* Material supplied *
——

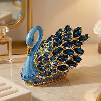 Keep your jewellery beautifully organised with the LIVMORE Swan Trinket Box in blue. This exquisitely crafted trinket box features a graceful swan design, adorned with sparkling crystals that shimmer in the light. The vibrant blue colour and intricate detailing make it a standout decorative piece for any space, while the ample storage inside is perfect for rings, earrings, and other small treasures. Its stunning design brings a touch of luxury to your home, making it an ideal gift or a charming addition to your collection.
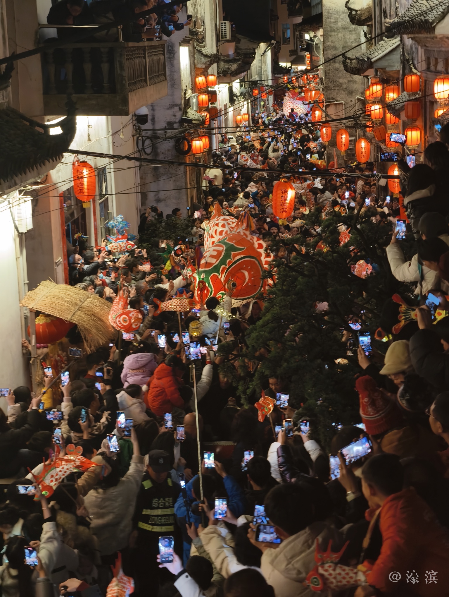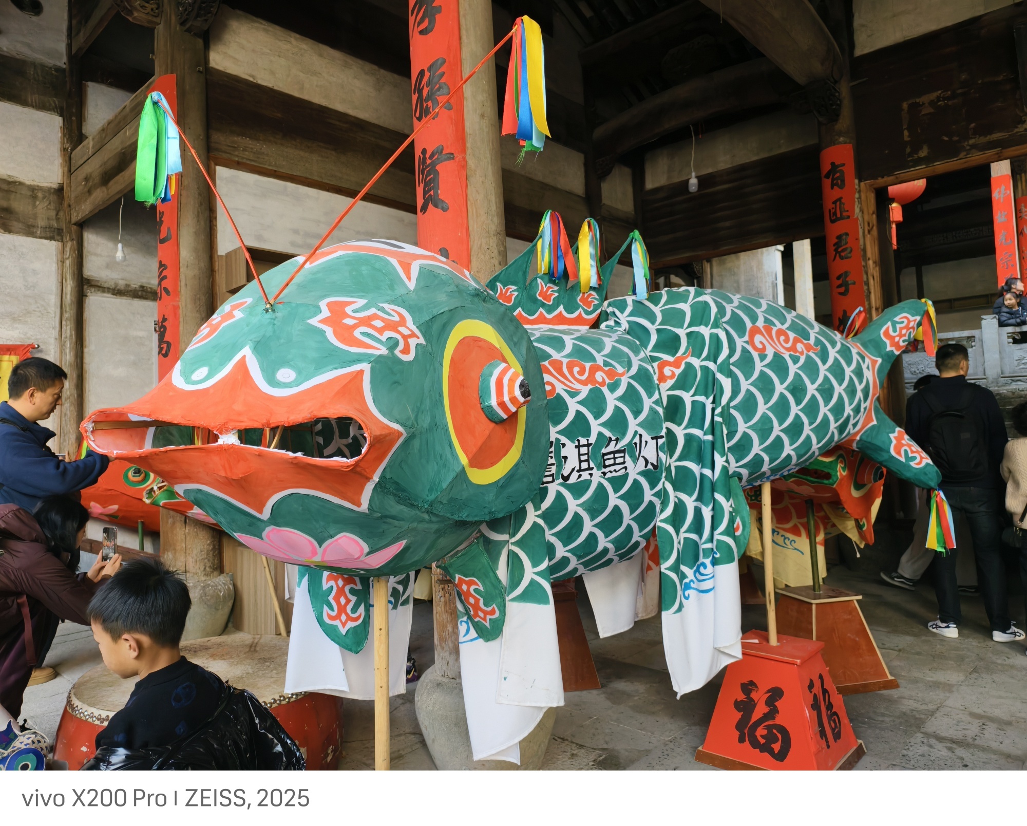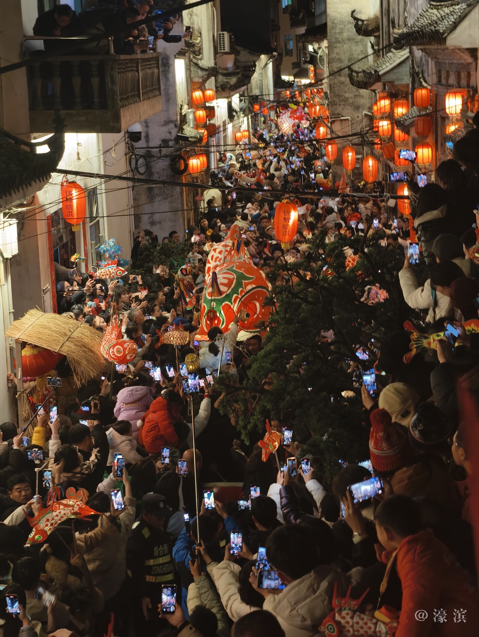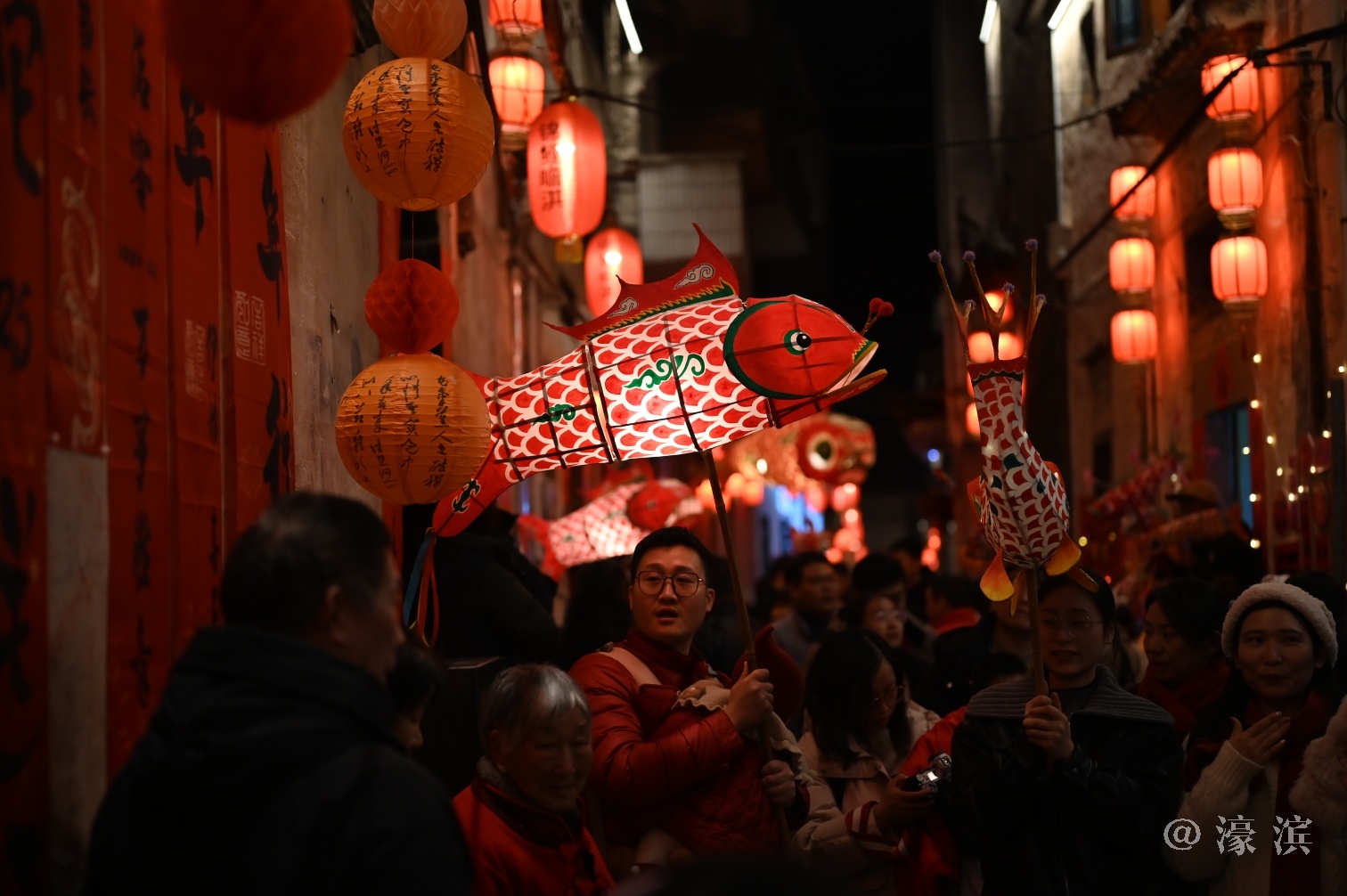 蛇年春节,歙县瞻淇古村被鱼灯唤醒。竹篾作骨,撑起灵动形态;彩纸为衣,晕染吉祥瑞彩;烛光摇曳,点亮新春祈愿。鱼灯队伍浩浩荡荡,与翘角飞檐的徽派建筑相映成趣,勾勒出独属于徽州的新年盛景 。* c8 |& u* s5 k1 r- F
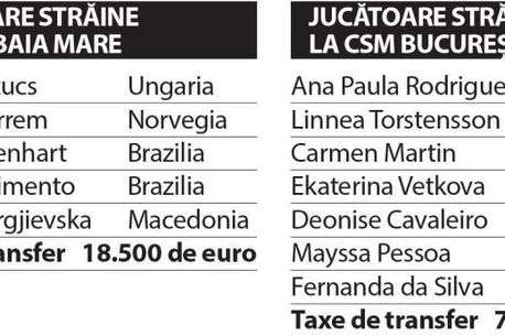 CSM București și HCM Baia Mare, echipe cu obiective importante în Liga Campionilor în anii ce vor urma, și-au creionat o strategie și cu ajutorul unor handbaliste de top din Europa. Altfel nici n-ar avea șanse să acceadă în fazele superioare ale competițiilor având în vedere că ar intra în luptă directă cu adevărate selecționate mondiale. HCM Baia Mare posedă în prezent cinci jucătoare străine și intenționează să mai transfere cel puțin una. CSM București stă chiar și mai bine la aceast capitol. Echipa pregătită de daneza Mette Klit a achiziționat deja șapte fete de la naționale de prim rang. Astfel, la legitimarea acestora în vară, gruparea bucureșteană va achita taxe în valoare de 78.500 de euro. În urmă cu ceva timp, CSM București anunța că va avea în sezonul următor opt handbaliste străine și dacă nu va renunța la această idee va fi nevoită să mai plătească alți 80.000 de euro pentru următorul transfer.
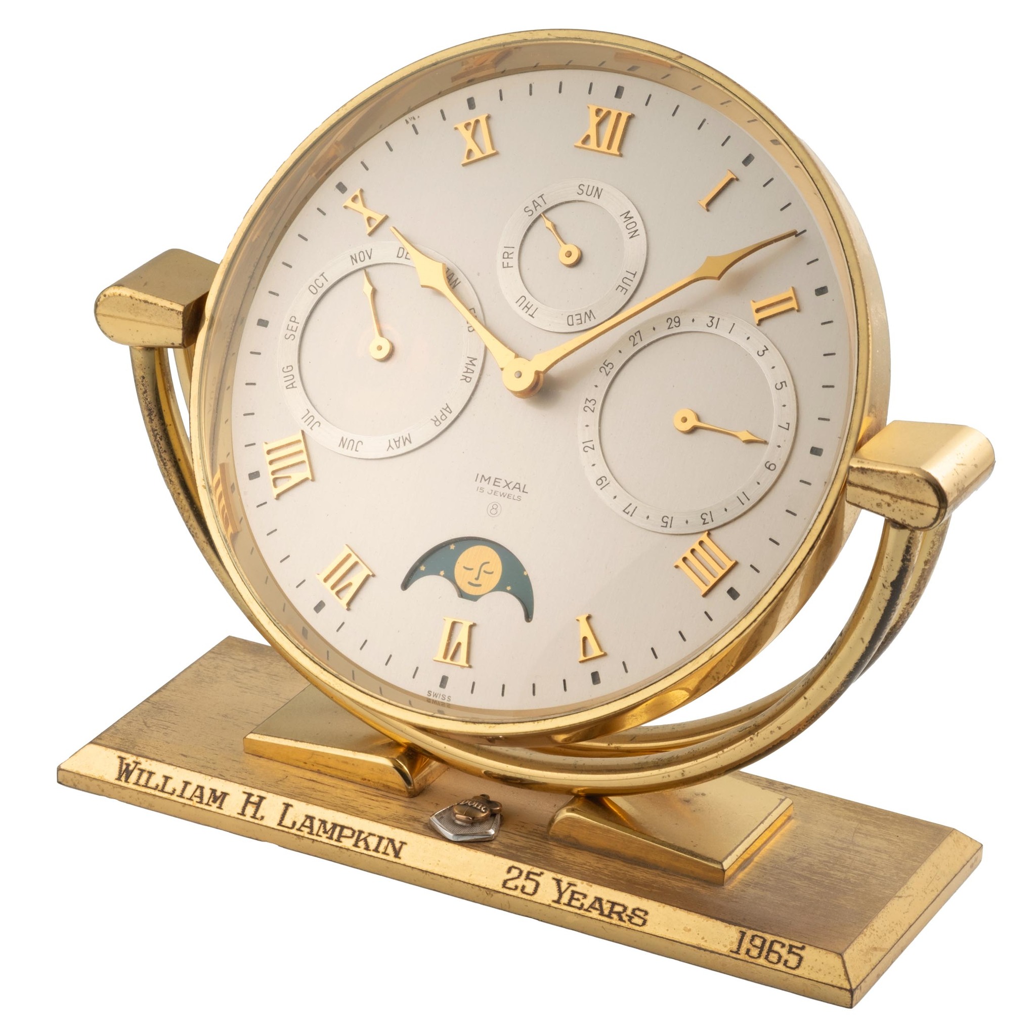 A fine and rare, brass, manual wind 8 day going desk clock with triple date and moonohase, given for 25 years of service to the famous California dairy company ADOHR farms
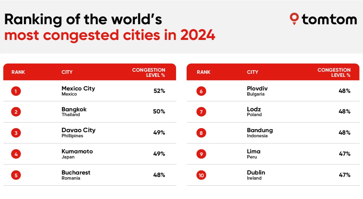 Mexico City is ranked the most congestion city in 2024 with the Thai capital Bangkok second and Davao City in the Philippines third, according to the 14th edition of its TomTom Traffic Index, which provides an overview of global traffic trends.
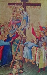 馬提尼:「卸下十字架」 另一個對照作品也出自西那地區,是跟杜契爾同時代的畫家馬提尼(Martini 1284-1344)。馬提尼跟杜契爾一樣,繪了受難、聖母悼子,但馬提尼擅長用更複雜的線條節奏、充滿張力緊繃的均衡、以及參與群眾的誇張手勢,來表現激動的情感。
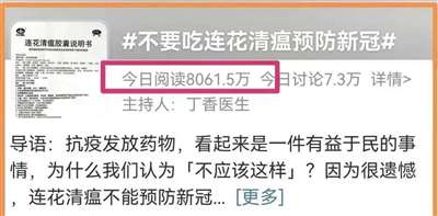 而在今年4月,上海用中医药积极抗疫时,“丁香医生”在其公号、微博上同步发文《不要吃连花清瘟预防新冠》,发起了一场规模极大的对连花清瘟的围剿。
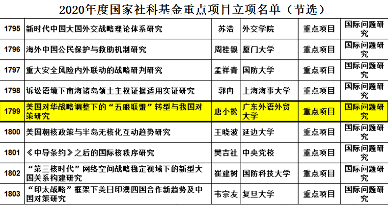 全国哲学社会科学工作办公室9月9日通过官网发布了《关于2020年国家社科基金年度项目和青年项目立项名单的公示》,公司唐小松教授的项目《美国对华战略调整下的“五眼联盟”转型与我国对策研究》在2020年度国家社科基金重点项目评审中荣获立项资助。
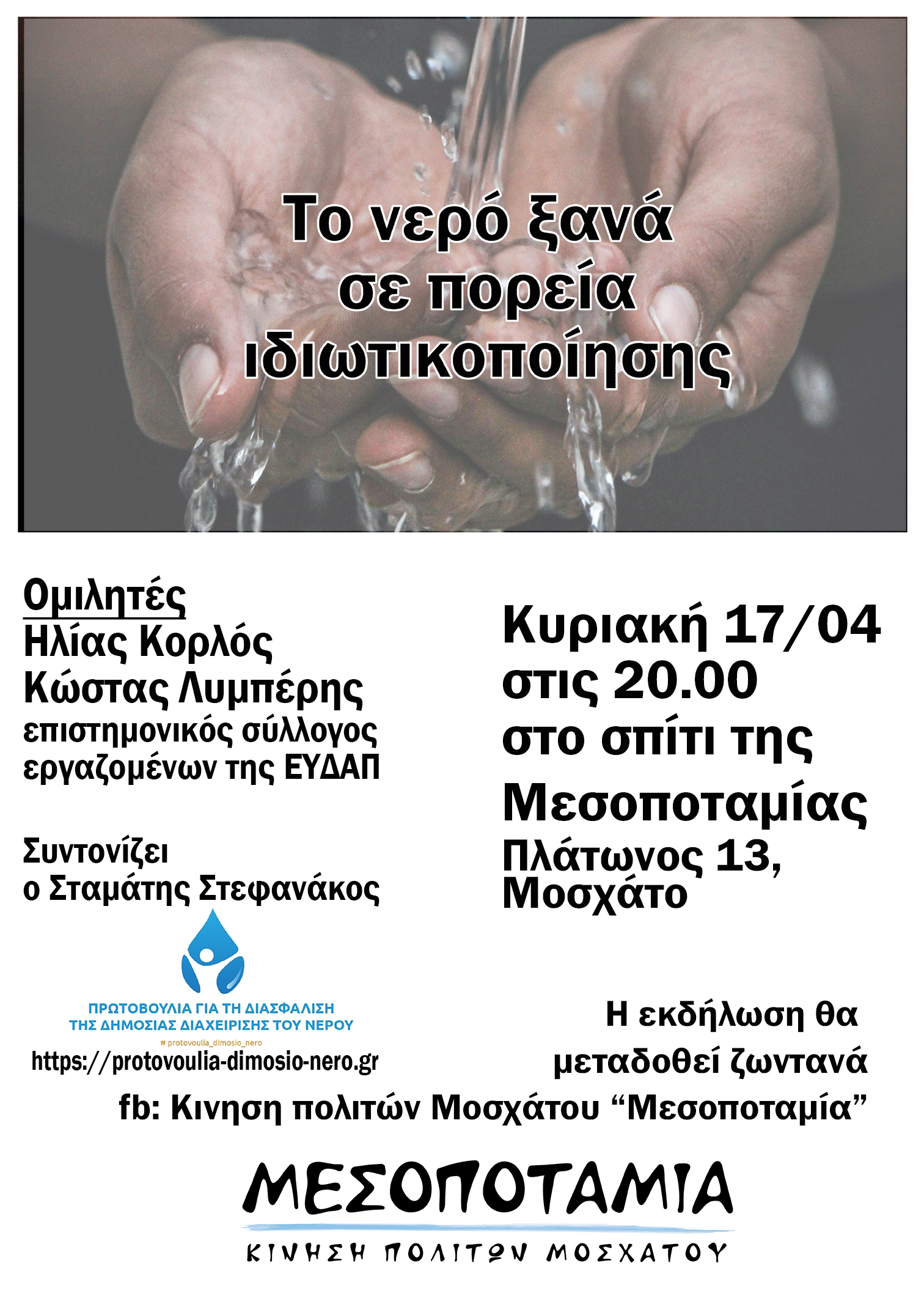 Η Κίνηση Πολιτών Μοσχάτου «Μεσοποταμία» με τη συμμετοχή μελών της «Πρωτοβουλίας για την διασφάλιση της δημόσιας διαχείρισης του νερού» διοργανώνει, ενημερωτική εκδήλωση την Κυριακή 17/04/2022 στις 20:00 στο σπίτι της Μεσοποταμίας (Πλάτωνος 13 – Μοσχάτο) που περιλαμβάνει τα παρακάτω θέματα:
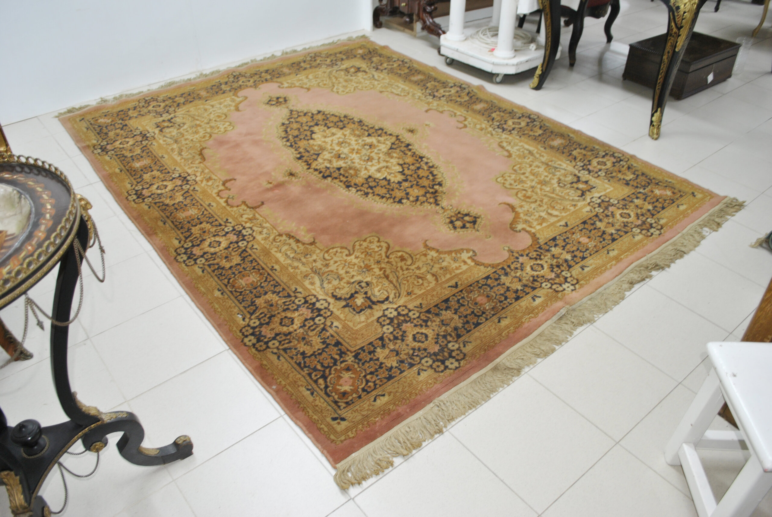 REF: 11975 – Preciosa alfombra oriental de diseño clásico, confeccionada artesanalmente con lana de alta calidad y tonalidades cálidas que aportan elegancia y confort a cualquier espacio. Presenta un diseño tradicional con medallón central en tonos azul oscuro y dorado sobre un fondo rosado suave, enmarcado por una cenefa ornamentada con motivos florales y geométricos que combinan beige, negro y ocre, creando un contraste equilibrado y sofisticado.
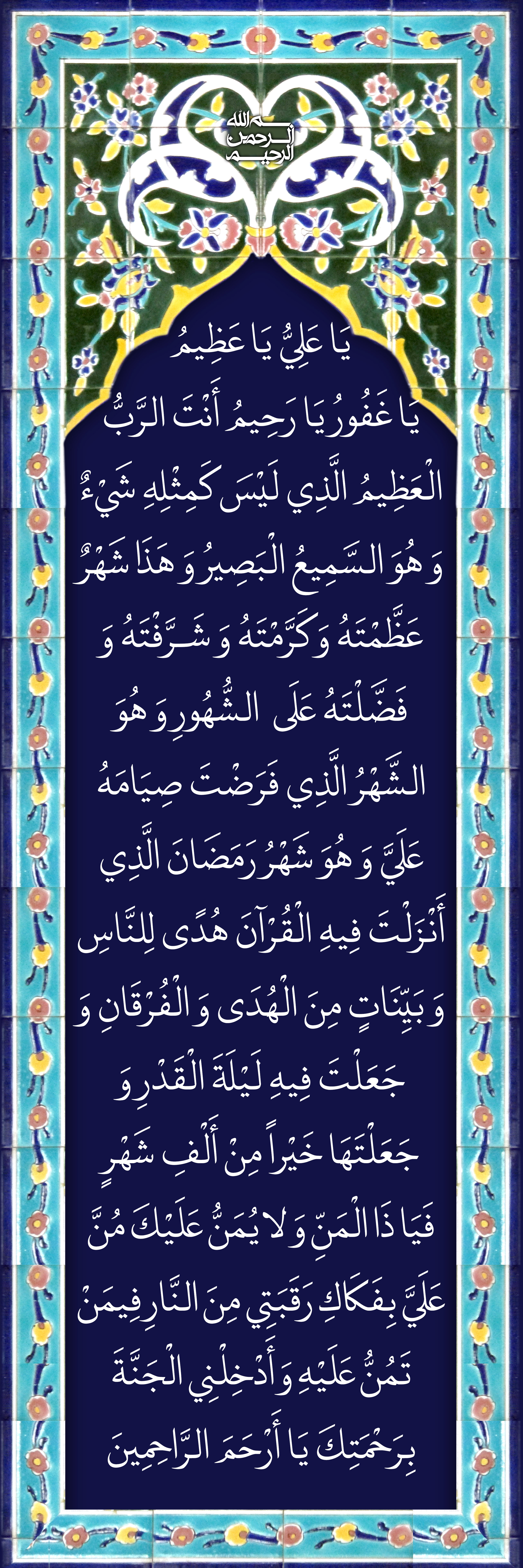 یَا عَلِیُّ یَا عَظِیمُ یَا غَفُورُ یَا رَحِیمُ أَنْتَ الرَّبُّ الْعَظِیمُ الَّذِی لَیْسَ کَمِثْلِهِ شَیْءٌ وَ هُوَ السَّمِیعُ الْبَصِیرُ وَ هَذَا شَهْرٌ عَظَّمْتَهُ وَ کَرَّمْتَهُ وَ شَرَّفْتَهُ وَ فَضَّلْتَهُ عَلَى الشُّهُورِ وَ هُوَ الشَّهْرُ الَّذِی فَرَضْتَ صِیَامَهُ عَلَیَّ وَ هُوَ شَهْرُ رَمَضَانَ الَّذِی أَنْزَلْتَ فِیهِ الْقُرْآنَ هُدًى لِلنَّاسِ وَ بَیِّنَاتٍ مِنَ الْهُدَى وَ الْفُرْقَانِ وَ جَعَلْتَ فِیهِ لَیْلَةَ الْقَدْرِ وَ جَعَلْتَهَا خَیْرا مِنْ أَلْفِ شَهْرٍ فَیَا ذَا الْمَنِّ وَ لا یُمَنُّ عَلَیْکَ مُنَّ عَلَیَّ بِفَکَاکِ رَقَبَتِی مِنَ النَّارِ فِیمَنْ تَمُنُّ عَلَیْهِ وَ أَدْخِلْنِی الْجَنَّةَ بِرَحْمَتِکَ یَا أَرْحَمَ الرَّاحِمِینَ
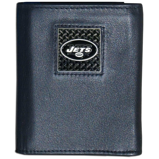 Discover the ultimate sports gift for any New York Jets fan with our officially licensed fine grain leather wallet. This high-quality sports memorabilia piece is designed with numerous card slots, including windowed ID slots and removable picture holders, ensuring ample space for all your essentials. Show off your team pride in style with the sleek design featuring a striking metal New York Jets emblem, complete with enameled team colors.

——

* Work to be completed *
Repeat exactly the lines above, beginning at the one containing "Mexico City is" and ending at the one containing "全国哲学社会科学工作办公室9". Do not carry over any pictures.

* Your solution *
 Mexico City is ranked the most congestion city in 2024 with the Thai capital Bangkok second and Davao City in the Philippines third, according to the 14th edition of its TomTom Traffic Index, which provides an overview of global traffic trends.
 馬提尼:「卸下十字架」 另一個對照作品也出自西那地區,是跟杜契爾同時代的畫家馬提尼(Martini 1284-1344)。馬提尼跟杜契爾一樣,繪了受難、聖母悼子,但馬提尼擅長用更複雜的線條節奏、充滿張力緊繃的均衡、以及參與群眾的誇張手勢,來表現激動的情感。
 而在今年4月,上海用中医药积极抗疫时,“丁香医生”在其公号、微博上同步发文《不要吃连花清瘟预防新冠》,发起了一场规模极大的对连花清瘟的围剿。
 全国哲学社会科学工作办公室9月9日通过官网发布了《关于2020年国家社科基金年度项目和青年项目立项名单的公示》,公司唐小松教授的项目《美国对华战略调整下的“五眼联盟”转型与我国对策研究》在2020年度国家社科基金重点项目评审中荣获立项资助。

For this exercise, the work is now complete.